MATERIAL FOR THIS TASK:
┌──

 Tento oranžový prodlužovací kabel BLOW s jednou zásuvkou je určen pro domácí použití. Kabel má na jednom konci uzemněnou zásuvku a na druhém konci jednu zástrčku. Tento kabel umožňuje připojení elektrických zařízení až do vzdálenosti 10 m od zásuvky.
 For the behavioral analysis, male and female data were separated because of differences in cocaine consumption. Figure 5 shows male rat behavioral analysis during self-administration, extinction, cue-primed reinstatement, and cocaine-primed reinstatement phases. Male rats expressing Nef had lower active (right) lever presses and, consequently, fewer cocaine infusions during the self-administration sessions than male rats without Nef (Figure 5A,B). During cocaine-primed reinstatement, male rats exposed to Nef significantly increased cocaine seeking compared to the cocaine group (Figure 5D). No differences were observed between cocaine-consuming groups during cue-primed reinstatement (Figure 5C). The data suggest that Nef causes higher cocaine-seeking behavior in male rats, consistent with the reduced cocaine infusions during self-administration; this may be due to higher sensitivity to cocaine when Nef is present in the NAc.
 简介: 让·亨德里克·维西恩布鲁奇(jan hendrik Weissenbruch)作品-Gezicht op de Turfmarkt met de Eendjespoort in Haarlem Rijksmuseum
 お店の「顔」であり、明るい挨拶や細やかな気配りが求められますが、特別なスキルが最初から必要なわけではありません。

└──
┌──

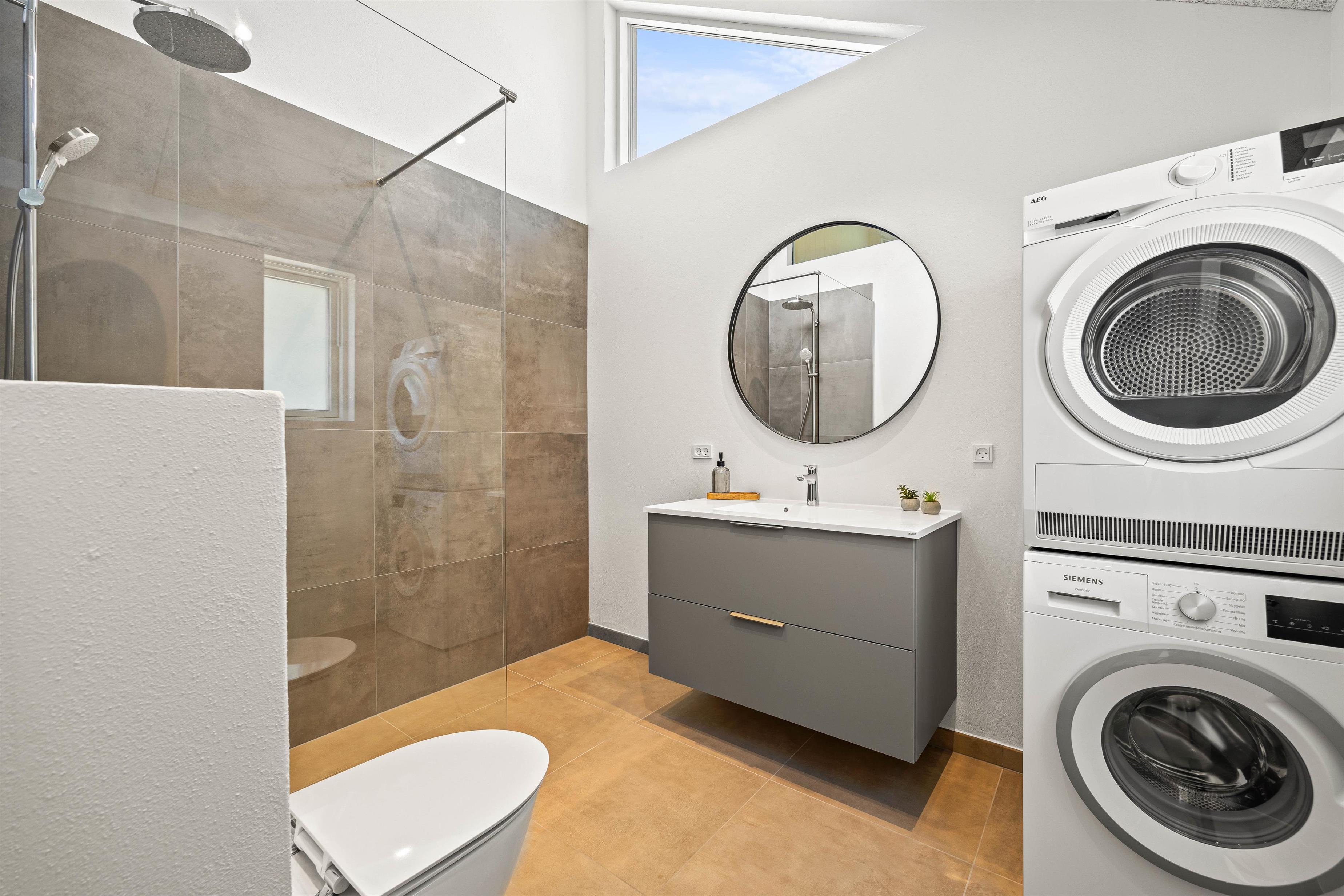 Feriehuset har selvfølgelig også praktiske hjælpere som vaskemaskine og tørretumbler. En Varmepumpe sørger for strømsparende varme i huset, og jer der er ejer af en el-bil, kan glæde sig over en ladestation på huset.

└──

WHAT TO DO: Retype exactly, and only, the lines above from the one where "Tento oranžový prodlužovací" occurs up to and including the one where "For the behavioral" occurs.

YOUR RESPONSE:
 Tento oranžový prodlužovací kabel BLOW s jednou zásuvkou je určen pro domácí použití. Kabel má na jednom konci uzemněnou zásuvku a na druhém konci jednu zástrčku. Tento kabel umožňuje připojení elektrických zařízení až do vzdálenosti 10 m od zásuvky.
 For the behavioral analysis, male and female data were separated because of differences in cocaine consumption. Figure 5 shows male rat behavioral analysis during self-administration, extinction, cue-primed reinstatement, and cocaine-primed reinstatement phases. Male rats expressing Nef had lower active (right) lever presses and, consequently, fewer cocaine infusions during the self-administration sessions than male rats without Nef (Figure 5A,B). During cocaine-primed reinstatement, male rats exposed to Nef significantly increased cocaine seeking compared to the cocaine group (Figure 5D). No differences were observed between cocaine-consuming groups during cue-primed reinstatement (Figure 5C). The data suggest that Nef causes higher cocaine-seeking behavior in male rats, consistent with the reduced cocaine infusions during self-administration; this may be due to higher sensitivity to cocaine when Nef is present in the NAc.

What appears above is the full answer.